__Supplied material__
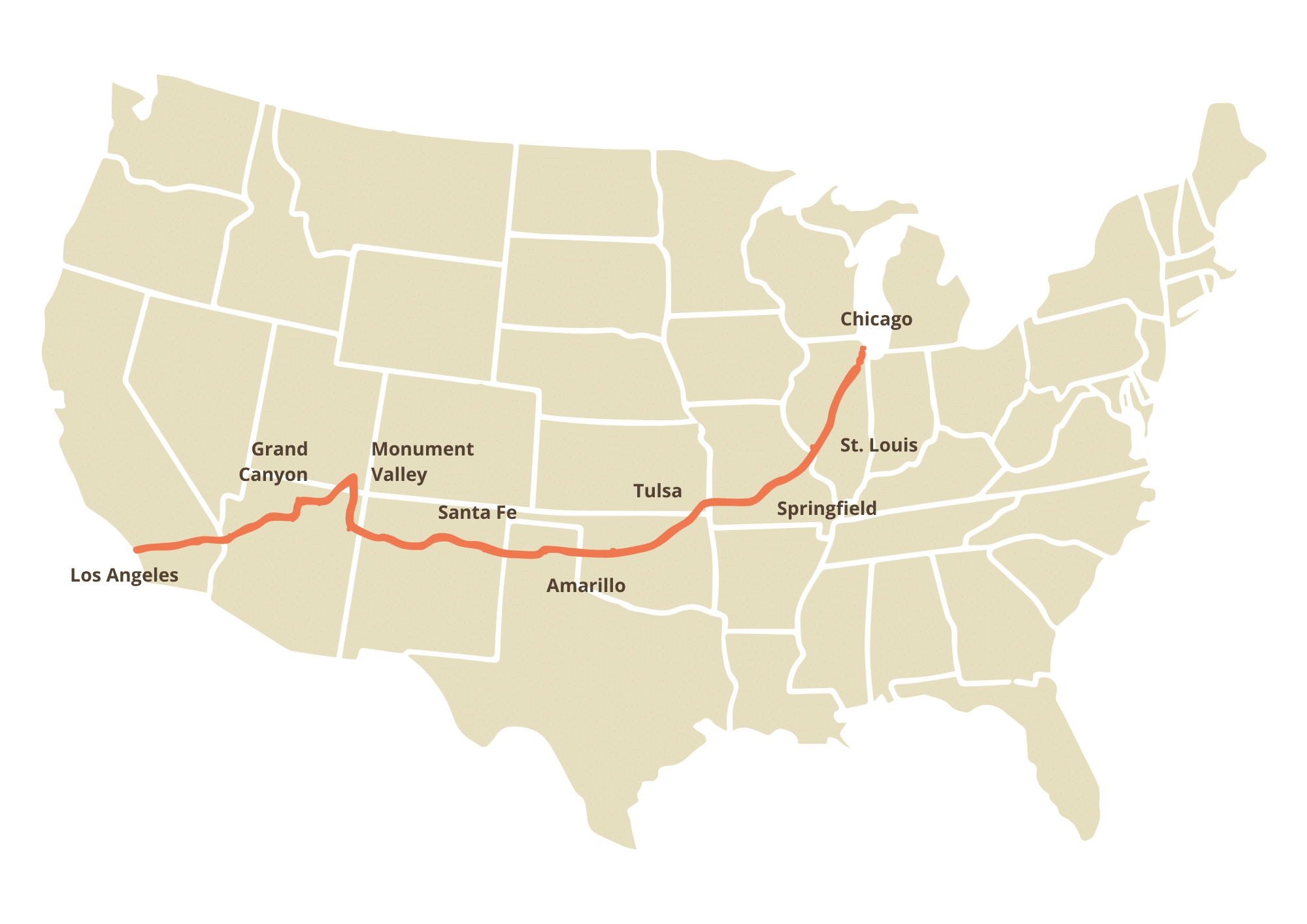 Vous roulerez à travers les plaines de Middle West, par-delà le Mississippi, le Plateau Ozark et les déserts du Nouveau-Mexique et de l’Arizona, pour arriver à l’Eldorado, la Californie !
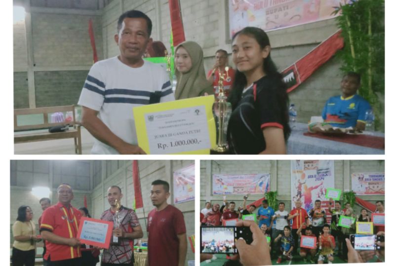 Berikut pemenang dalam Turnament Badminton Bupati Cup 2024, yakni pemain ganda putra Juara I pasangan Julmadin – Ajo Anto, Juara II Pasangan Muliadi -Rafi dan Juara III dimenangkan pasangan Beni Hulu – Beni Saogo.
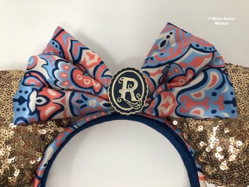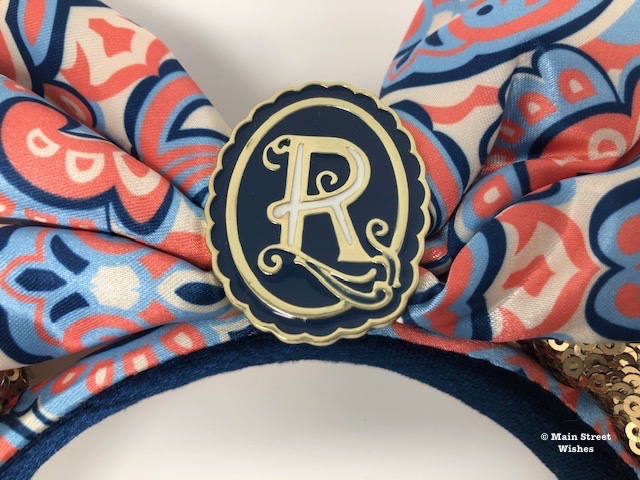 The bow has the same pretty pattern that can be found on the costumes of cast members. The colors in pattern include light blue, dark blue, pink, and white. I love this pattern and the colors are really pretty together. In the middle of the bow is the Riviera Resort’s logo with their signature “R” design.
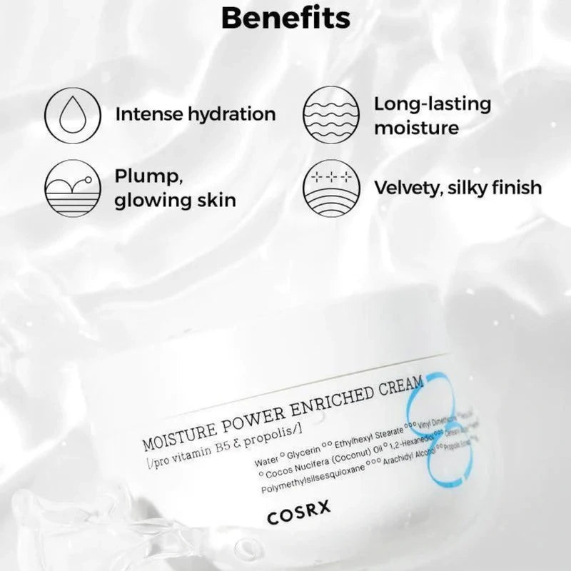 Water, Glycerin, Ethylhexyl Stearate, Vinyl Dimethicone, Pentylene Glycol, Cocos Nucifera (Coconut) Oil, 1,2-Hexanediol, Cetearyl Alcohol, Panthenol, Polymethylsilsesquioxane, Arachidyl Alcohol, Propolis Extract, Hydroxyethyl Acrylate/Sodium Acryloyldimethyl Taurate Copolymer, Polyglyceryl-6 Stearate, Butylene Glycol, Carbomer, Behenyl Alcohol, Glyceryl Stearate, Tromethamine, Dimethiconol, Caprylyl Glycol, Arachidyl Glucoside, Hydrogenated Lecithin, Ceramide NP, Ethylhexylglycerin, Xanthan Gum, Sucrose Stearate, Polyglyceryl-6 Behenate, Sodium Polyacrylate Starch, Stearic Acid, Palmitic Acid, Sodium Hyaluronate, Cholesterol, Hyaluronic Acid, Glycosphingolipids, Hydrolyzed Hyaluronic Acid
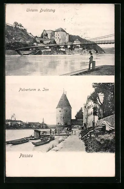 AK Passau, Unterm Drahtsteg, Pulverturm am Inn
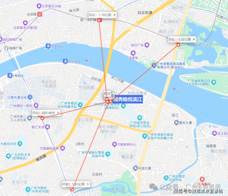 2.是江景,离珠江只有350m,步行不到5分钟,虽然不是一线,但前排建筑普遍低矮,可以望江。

* * *

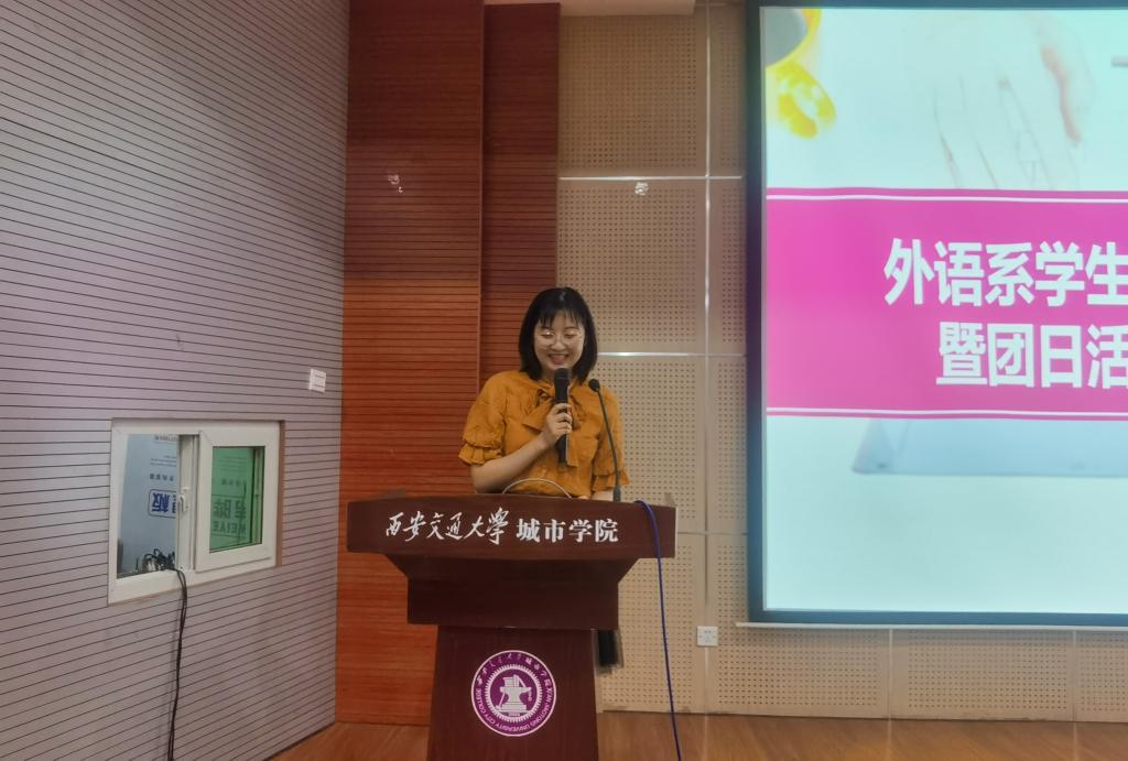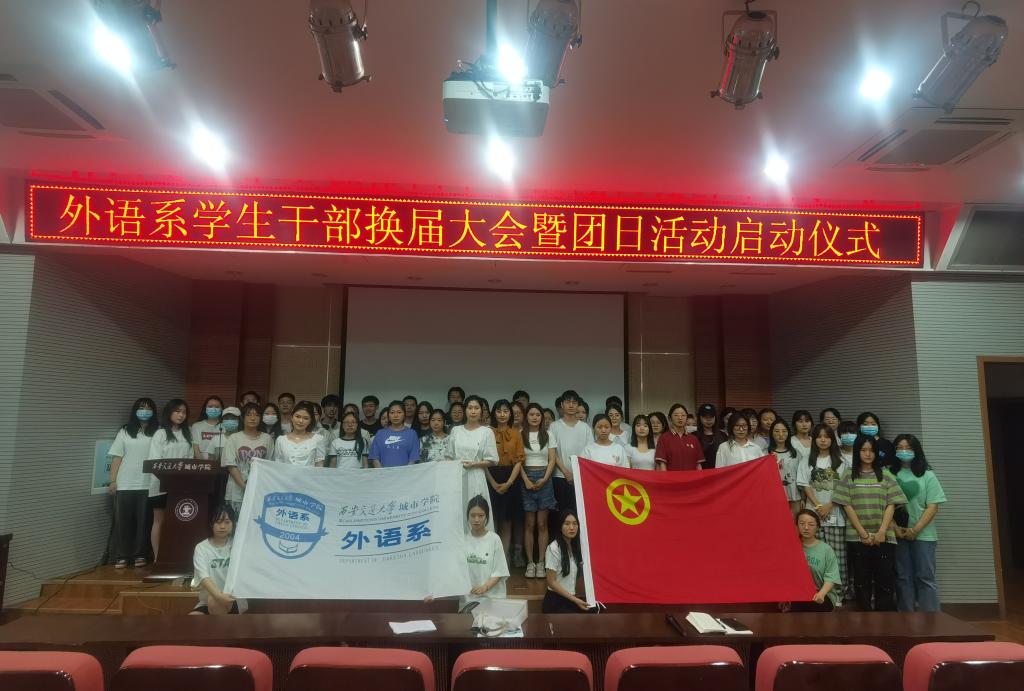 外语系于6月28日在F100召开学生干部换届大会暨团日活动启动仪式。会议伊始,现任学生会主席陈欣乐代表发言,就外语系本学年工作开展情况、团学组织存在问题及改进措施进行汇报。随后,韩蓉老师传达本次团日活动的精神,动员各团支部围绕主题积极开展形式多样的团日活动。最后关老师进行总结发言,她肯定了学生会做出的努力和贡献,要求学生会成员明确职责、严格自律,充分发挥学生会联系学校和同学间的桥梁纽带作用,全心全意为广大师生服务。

__Problem__
Beginning at the line that has "Vous roulerez à" and ending at the line that has "Berikut pemenang dalam", restate the listing above word for word, pictures left out.

__Response to the task__
 Vous roulerez à travers les plaines de Middle West, par-delà le Mississippi, le Plateau Ozark et les déserts du Nouveau-Mexique et de l’Arizona, pour arriver à l’Eldorado, la Californie !
 Berikut pemenang dalam Turnament Badminton Bupati Cup 2024, yakni pemain ganda putra Juara I pasangan Julmadin – Ajo Anto, Juara II Pasangan Muliadi -Rafi dan Juara III dimenangkan pasangan Beni Hulu – Beni Saogo.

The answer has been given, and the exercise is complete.